Mais cela suppose d’avoir du temps à consacrer à chaque entreprise : disposer d’analystes qui s’attardent sur les données transmises, prévoir des échanges réguliers avec les dirigeants sur la stratégie, envisager les enjeux ESG à l’échelle locale, etc. Une approche radicalement incompatible avec la gestion indicielle passive. Beaucoup de fonds s’engagent sur cette voie, principalement des fonds à impact. Mais ils restent largement minoritaires par rapport aux principales sociétés de gestion. On touche ici aux règles du jeu du système, et seuls des acteurs systémiques comme les grandes banques ou assurances sont à-même de les faire évoluer ».

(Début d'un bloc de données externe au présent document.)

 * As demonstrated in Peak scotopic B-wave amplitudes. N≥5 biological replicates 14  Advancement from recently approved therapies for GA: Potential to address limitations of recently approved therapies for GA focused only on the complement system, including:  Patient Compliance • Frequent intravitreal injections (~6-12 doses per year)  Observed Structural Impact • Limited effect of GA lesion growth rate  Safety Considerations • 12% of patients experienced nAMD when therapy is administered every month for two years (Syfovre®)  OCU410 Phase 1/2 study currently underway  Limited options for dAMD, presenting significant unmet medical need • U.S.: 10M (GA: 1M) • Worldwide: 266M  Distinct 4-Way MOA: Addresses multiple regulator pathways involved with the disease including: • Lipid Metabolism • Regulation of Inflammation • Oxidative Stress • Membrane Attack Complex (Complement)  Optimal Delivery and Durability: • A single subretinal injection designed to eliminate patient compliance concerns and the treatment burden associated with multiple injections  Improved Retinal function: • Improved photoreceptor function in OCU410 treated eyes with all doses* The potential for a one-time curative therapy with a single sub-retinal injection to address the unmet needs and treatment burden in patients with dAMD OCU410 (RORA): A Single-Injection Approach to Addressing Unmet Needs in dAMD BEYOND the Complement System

Cette intention peut guider la sélection des actifs dans lesquels les assureurs investissent directement, mais aussi les mandats qu’ils confient à des sociétés de gestion. Ils peuvent notamment travailler avec elles à la création de fonds dédiés, afin de sélectionner des actifs qui apportent une contribution spécifique en ligne avec cette thèse d’investissement*. S’impliquer ainsi dès la création du fonds permet à l’assureur de rechercher des synergies entre ses activités et celles des entreprises financées (voir l’entretien avec Cécile Cabanis, p. 114). S’il n’est pas impliqué lors de la création du fonds, l’assureur peut inscrire ses critères extra-financiers dans le mandat de gestion confié à la société de gestion, la laissant libre de sélectionner les investissements qui répondent à ces critères. C’est l’approche retenue par une initiative en faveur de la biodiversité, lancée fin mars 2024, par dix investisseurs institutionnels – parmi lesquels un certain nombre d’assureurs**.

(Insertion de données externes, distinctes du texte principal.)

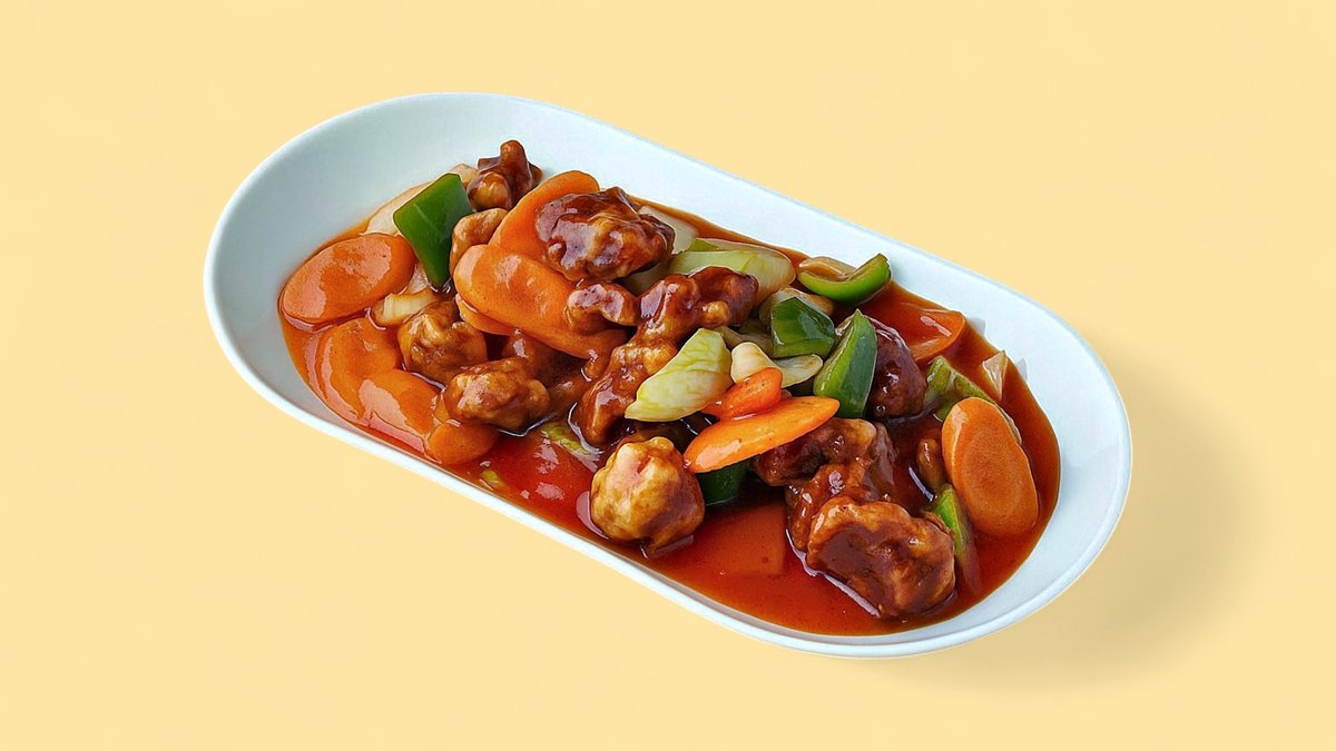 Gong Bao kylling m. grøntsager og toppet med peanuts

Afin d’endosser le « rôle majeur » qu’ils ont dans la « réorientation des flux financiers en faveur de la biodiversité», ces investisseurs rassemblent leurs fonds et leur expertise – appuyés par des conseillers scientifiques –, pour confier des mandats à des sociétés de gestion fondés sur leurs approches « innovantes » et «mieux-disantes » en matière de biodiversité (CDC, 2024).
Définir cette intention est crucial : privilégier certains critères extra-financiers peut mener à des arbitrages qui pèsent sur la rentabilité ou le risque des actifs. Si certaines bonnes pratiques ESG présentent aussi un bénéfice financier (isolation des bâtiments, diminution des kilomètres parcourus, etc.), d’autres représentent un coût net pour l’entreprise (par exemple l’investissement nécessaire à la décarbonation des cimenteries ou des aciéries, ou le maintien d’un salaire décent), qui pourrait entraîner un retour négatif sur investissement, y compris à long terme.
Ainsi, en définissant leur politique d’investissement les assureurs sont invités à sélectionner des projets et des entreprises qui, indépendamment de leur rentabilité, doivent nécessairement s’inscrire dans une démarche de transition et de redirection. Sous ce prisme, la question de la performance n’intervient que dans un second temps : il s’agit de sélectionner les meilleurs investissements dans un éventail des possibles réduit. Et la définition de cette performance elle-même se trouve modifiée, ajoutant à la rentabilité et au risque de l’actif des critères de soutenabilité pour l’entreprise sous-jacente.